The Zero-Day Exemption
Posted on 17 Feb 2026 @ 5:12am by Lieutenant Commander Grayson McKinney
2,530 words; about a 13 minute read
Mission:
Silent Inheritance
Location: Tactical Computer Core
Grayson watched the diagnostic bar turn red for the twentieth time and decided the universe had a sense of humor.
Point-four-three seconds.
That was the gap between sensor lock and weapons authorization, an eternity in a real fight. Long enough for the Borg to adapt, the Breen to laugh, or his own crew to become a statistic filed under "regrettable but unavoidable losses."
The tactical core produced its low mechanical drone, indifferent to his mood. The air smelled of recycled coolant. His lower back ached. After eight hours sitting, his body rebelled against every movement. The coffee beside him had turned cold hours ago.
He cracked his knuckles. The sound was too loud within the empty room.
The diagnostic offered its unhelpful conclusion for the nineteenth time: "Recommend hardware replacement—ETA 6 weeks at nearest starbase."
Six weeks. Assuming they survived that long. Assuming Starfleet Command decided the Arawyn was worth the parts.

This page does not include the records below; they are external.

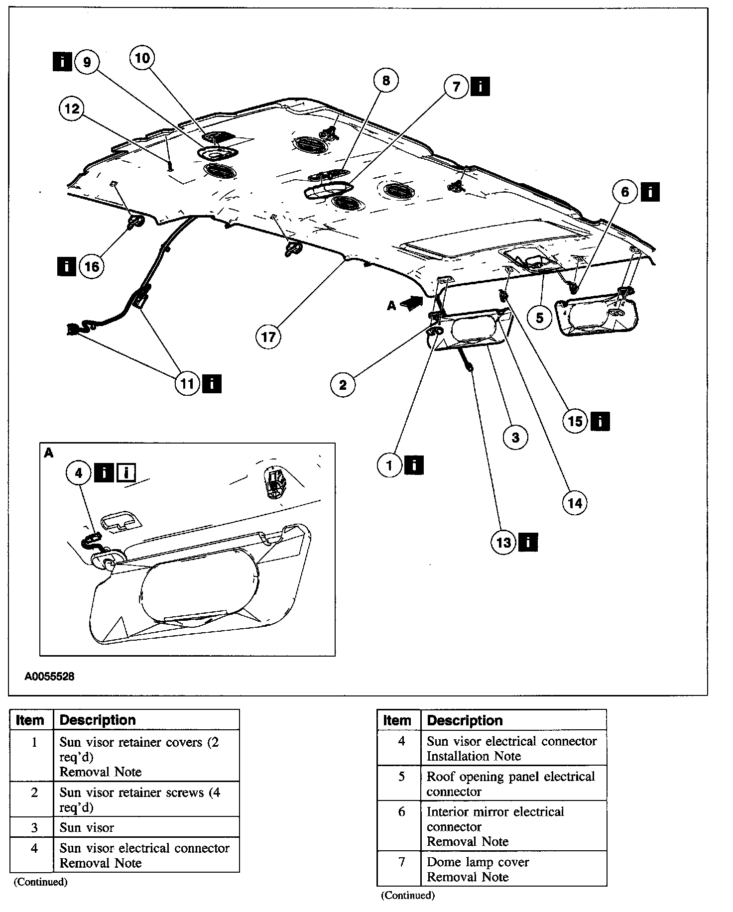 Item 4: Sun Visor Electrical Connector Removal Note
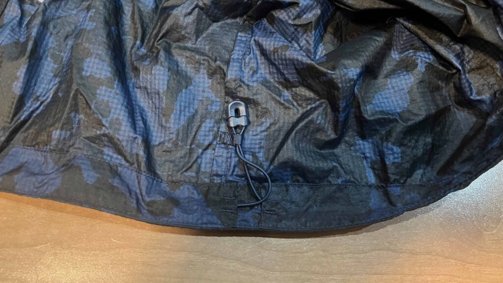 裾部のドローコードは風が強い日や肌寒い時などに締めることで外気をシャットアウトする事が出来ます。
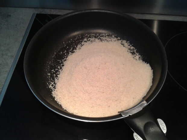 Tomar el polvo de la almendra y lo tostamos. Tenga cuidado, como el polvo no debe ser coloreado.
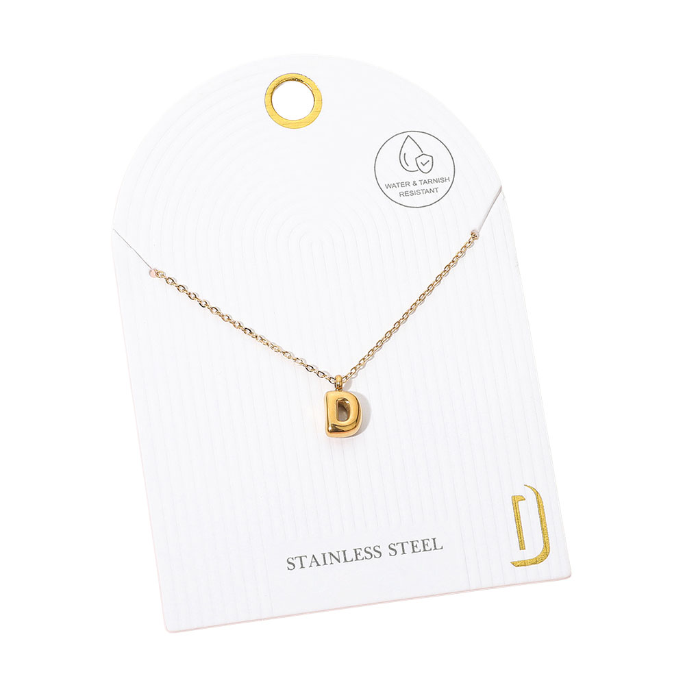 • Chic stainless steel necklace featuring a minimalist initial monogram pendant. Designed for everyday wear, this water and tarnish resistant piece adds a personal touch and effortless elegance to any outfit.
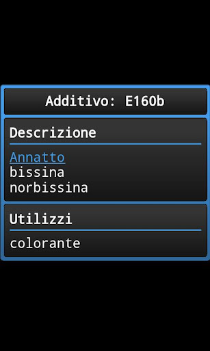 Questa applicazione, completamente in Italiano, conosce circa 400 additivi alimentari e le loro varianti. È sufficiente inserire il codice a tre o quattro cifre (es. 160 per E160).
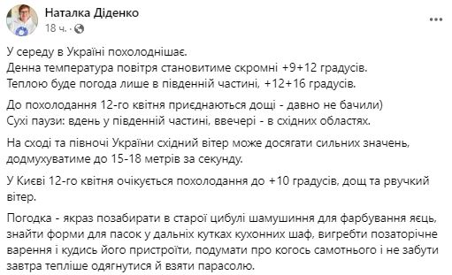 К похолоданию 12 апреля присоединятся дожди. На востоке и севере Украины восточный ветер может достигать сильных значений, будет дуть до 15-18 метров в секунду.
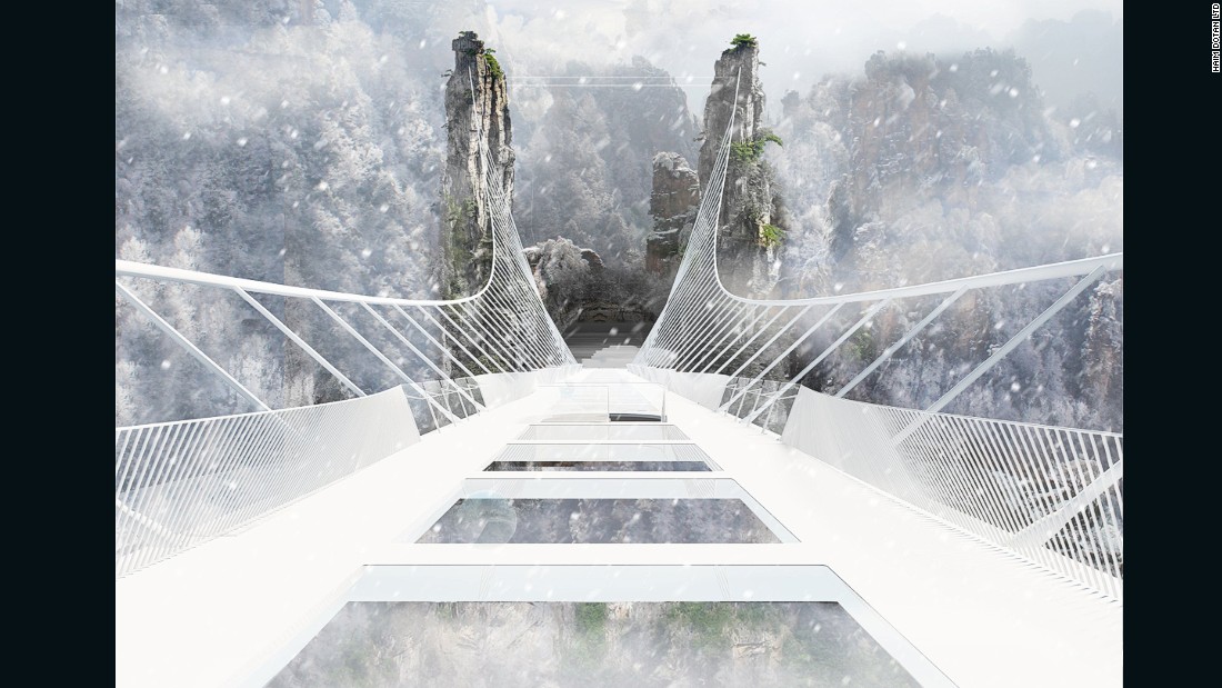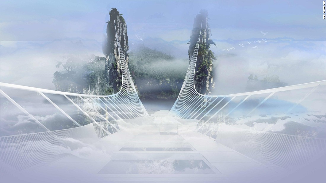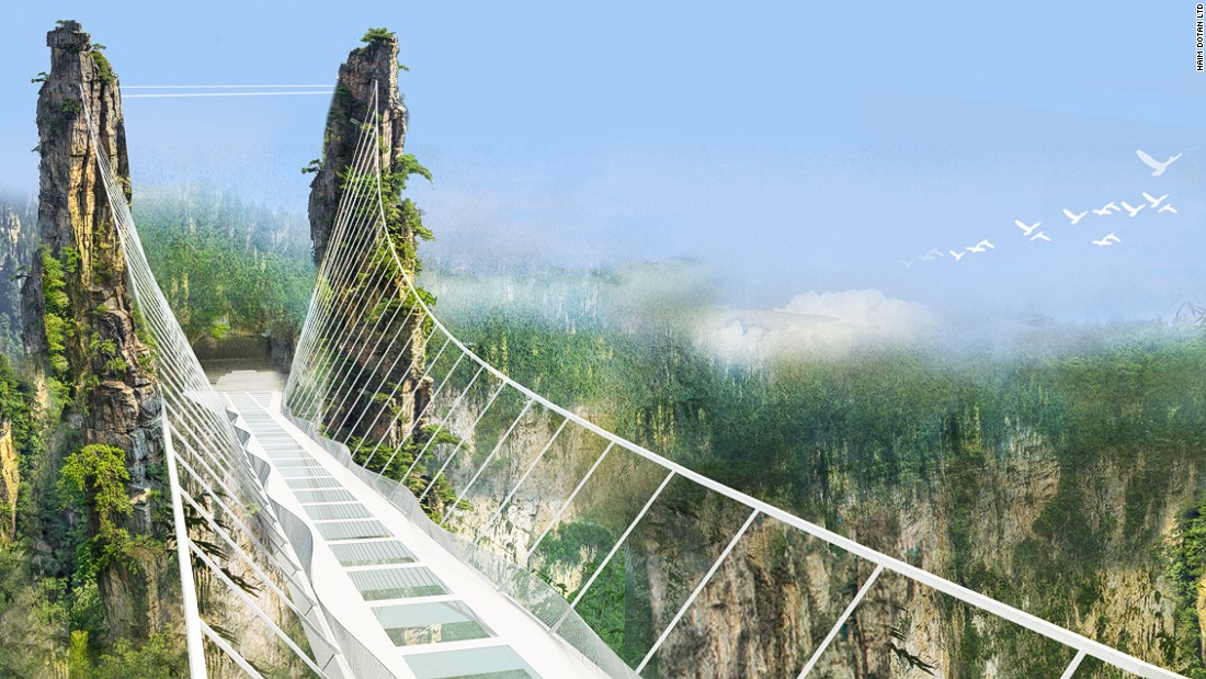 காற்றில் கூட மாளிகை கட்டும் இவர்களிற்கு கண்ணாடியில் பாலம் கட்டுவதா பெரிய வேலை ? சீனாவின் ஹுனான் மாகாணத்தில் ஷன்க்ஜாஜீன் வனப்பு மிக்க ரம்மிய மலைத்தொடர் இடையே இந்த பாலம் அமைக்கப்பட்டு எதிர்வரும் ஜூலை மாதம் திறந்து வைக்கப்படவுள்ளது

Assuming a lot of things men with clipboards assumed when they weren't getting shot at.
Standard Starfleet thermal governors. Safety procedures crafted by engineers who valued longevity over lethality, building ships that lasted decades instead of ships that won fights. There was an institutional logic to it. Better to limp home than to burn bright and die young. But limping required surviving long enough to start the limp.
Grayson opened a restricted file partition buried three layers deep in his personal directory. The folder was labeled "Deprecated_Utilities," which was technically true, like a knife being technically a kitchen tool. The contents were anything but obsolete: jailbreak scripts, override codes, bypass subroutines, the digital toolkit of a Fenris Ranger who'd learned to hotwire scavenged Cardassian disruptors because waiting for parts meant dying in the dark.
One file in particular caught his eye: Ranger_Governor_Bypass.exe.
His digits paused over the touchpad. The core's temperature dropped by half a degree as he diverted processing power, and the ship's environmental systems reacted to the sudden load. A bead of sweat ran down his temple despite the cooling air. Funny how that worked.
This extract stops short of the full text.